**About this exercise**
Exactly the lines from the line with "Collection of the" through the final line of the records below, both ends included, are to be set down. Do not include pictures.

**Collected data entries**

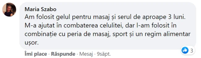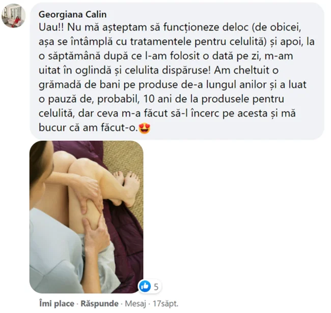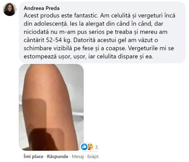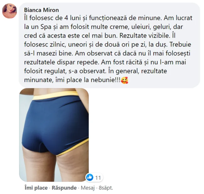 Pielea obține nivelul necesar de hidratare și devine mai moale. Concentrația mare a celor 4 ingrediente active tratează celulita rapid și eficient.
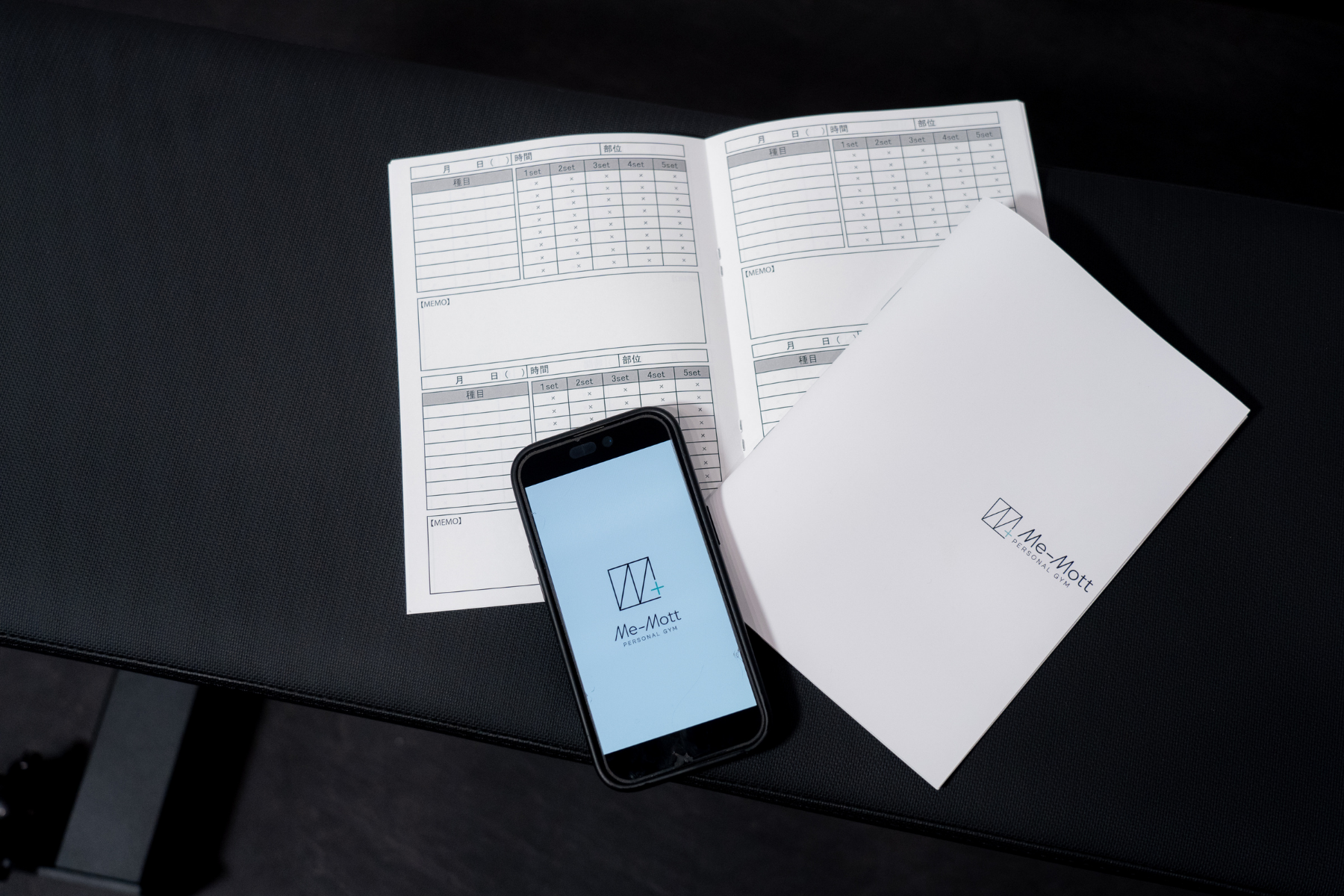 オリジナルのノートやアプリを使用して、トレーニングや食事の内容を記録。トレーナーと情報を共有し、週単位で細やかなアドバイスが受けられるだけでなく、自分で記録を見返すことによって経験が知識として吸収され、卒業後のボディメイクの習慣化にも役立てられるようになっています。
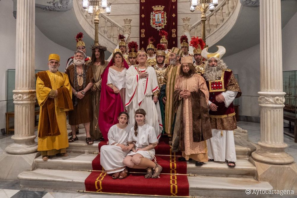 Esta vez, Poncio Pilatos no pudo el contenido de la palangana (donde se lavó las manos) al público, como es tradicional. Fue el cielo el que descargó la lluvia sobre intérpretes y espectadores a los pocos minutos de empezar la representación de la tarde del Miércoles Santo en el escenario de la plaza del Ayuntamiento de Cartagena, por lo que hubo que suspender.
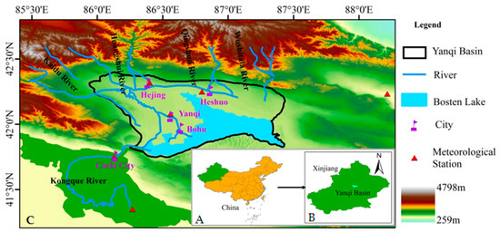 Location map of the Yanqi Basin in China: (A) map of China, (B) map of the Xinjiang region, and (C) schematic of the modeled area. The altitude of the Yanqi Basin ranges from 1050 to 1200 m, and covers six major irrigation areas. The Yanqi Basin does not include upstream regions because there is no agricultural or other productive activity in the upstream areas.
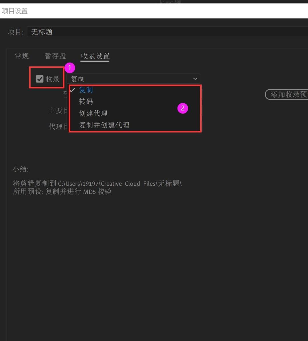 在媒体完成复制后,项目中的剪辑将指向这些文件的副本。
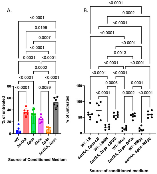 Collection of the conditioned medium. B. subtilis WT or indicated mutants were isolated on a solid LB plate, inoculated into 3 mL of LB broth, and grown overnight 30 °C on indicated media. The conditioned medium was centrifuged at 8000 rpm for 10 min; supernatant was removed and filtered through a 0.22 µm filter. The conditioned medium’s acidity was measured using the pH meter (Mettler Toledo) [48].
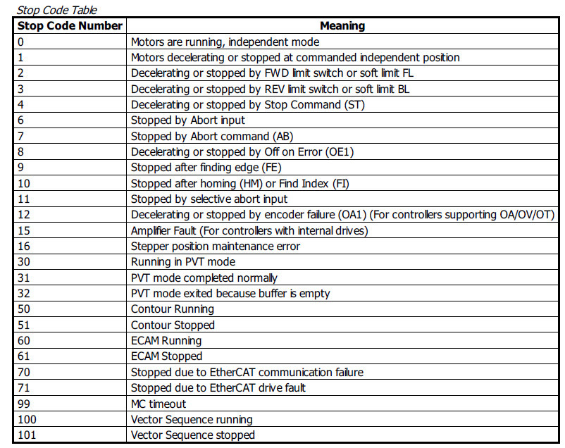 1. The Stop Code command returns a number indicating why a motor has stopped.

**Response for this exercise**
 Collection of the conditioned medium. B. subtilis WT or indicated mutants were isolated on a solid LB plate, inoculated into 3 mL of LB broth, and grown overnight 30 °C on indicated media. The conditioned medium was centrifuged at 8000 rpm for 10 min; supernatant was removed and filtered through a 0.22 µm filter. The conditioned medium’s acidity was measured using the pH meter (Mettler Toledo) [48].
 1. The Stop Code command returns a number indicating why a motor has stopped.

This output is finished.